I Tried to Schedule an Electrician Using an AI Agent. Here’s How It Went.
How a routine customer service exchange uncovered both the upside and the hidden risks of letting AI speak on behalf of your company and brand.
With more organizations now using or evaluating AI‑driven customer service systems, I wanted to share a recent personal experience that highlights both the promise and the pitfalls of this technology in early 2026.
A Call for Help
It was a quiet Saturday afternoon. While working on a small Ethernet project, I made one of those "old house wiring" discoveries that can make a homeowner a little nervous. That's a story for another time, but basically an electrician was needed as soon as possible.
This is a job for Angi.
Angi Spreads the Word
Angi is very effective at rapidly matching customers with local contractors. Arguably, almost too effective - within seconds of submitting my request, my phone lit up with five different texts. Parsing through this mini-avalanche of help can be a bit overwhelming.
None of these messages stood out; just basic boilerplate text messages most of us see every day. I scrolled to the second one, a message from 'Tim" (name changed), asking what services I was looking for Even though I had already explained this to Angi earlier, I replied to the text with my issue.
Nearly instantaneously, faster than a human could type, “Tim” responded with that unmistakable "happy empathy robot" tone, asking for more details.

Texting with "Tim"
What followed were a series of text messages with Tim that ran me through a standard service on-boarding script (name, address, type of home, description of the problem, etc.). Chat systems have been capable of this for a while now, but the detailed, contextual answers were noticeably more refined.
When I mentioned a detail about my electrical panel, Tim referenced it in a way that was coherent and technically plausible. Impressive. Not exactly trade school-level detail here, but still pretty solid.

Fast responses, good tone, decent personalization. Not bad so far.
"I don't have access to the scheduling system"
Because this was urgent, I asked for the earliest available appointment.
Suddenly, Tim found a task that was beyond him.

No access to scheduling system? I thought the whole purpose of this interaction was to schedule an appointment.
At least Tim admits this limitation, which I suppose is better than lying about it like some chatbots have been known to.
A few minutes later, I got a second text…from the same company…from a different number…with none of the previous context.
Suddenly I was starting the whole service request from scratch.

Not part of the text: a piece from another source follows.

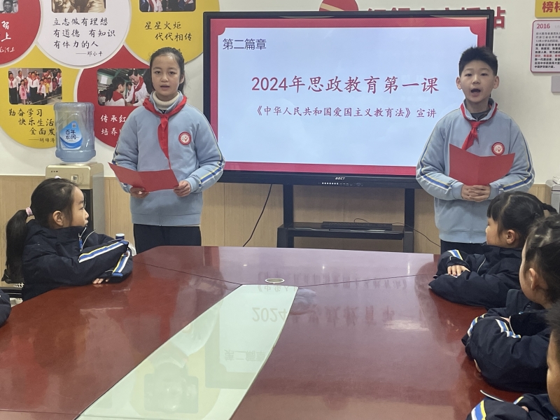 活動伊始,奏唱國歌。全校師生以2024年思政第一課——《中華人民共和國愛國主義(yi) 教育法》的學習(xi) 拉開帷幕。宣講人為(wei) 河南省少先隊紅領巾講解員六一中隊孫若晴和六五中隊張謹恩。愛國主義(yi) 是中華民族精神的核心,是中華民族團結奮鬥、自強不息的精神紐帶。金水區文化路第二小學秉持“興(xing) 德礪誌 奮發有為(wei) ”的辦學理念,聚焦立德樹人根本任務,全麵推進“大思政課”建設。推動思政小課堂與(yu) 社會(hui) 大課堂相結合、各類課程與(yu) 思政課同向同行,教育引導學生堅定“四個(ge) 自信”,成為(wei) 堪當民族複興(xing) 重任的時代新人。

As a tech person, I understand that integrating chatbots with other systems is tricky.
For the business, the downside risk of getting it wrong - booking mistakes, service agents going to the wrong places, and angry customers - is very real.
But for me as a potential customer? This is just annoyance and friction.
And I had options.
So I bailed on Tim.
I hired a company who did it the "old fashioned" way with a phone call from an actual human. Within ten minutes, they called and booked me for next day service. Problem solved.
A Day Late
On Monday, Tim reached back out to me, still unaware of the parallel text thread.

I'll say one thing for Tim - they know how to take rejection in stride.

The Path Ahead
As I write this at the tail end of 2025-early 2026, generative AI for everyday tasks like customer service has clear potential. What lies ahead is the "messy middle" - that time where initial hype fades and the hard work of building a real solution begins.
Making this work requires parsing nuance, maintaining context across platforms, securing data, and integrating with tools that were never designed for conversational interfaces. On their own, none of these tasks are trivial. Put them together, and the variables multiply.
According to industry experts, it could be years before these systems work reliably.

Managing Expectations
Customer service has always required endless wells of availability, empathy, and patience. People crave attention, and a technology like AI promises nearly unlimited amounts of it. In practice, however, getting these interactions just a little wrong often frustrates a customer more than it helps them, and those impressions tend to be sticky ones.
Service failures can be devastating to brand trust. That's why Gartner recently predicted that 50% of organizations will abandon plans to reduce their customer service workforces due to AI. The risk of disappointing customers outweighs the theoretical savings.
As for this experience, I would have accepted managed expectations over perfection. If I was told up front that I was texting with an automated AI agent and told of its limitations, I doubt it would have upset me.
But then again, I probably would have simply ignored it like I do most of these systems. Giving the chatbot a name like Tim and having it pose as a human might have been the only way they could realistically get me to try using it.
If their goal was getting me to try an experimental new system to collect real-world feedback that helps them refine and improve it, they succeeded. If the goal was to get me to book an appointment, they fell short.
Giving an AI agent a human name like “Tim” creates expectations for the user. If it sounds human, responds like a person, and represents your brand, customers will judge it the way they judge every other human interaction.
That’s the real risk of AI in customer service: The moment you blur the line, the standard rises. Until the tech catches up, organizations need to think carefully where risks like this are acceptable to take.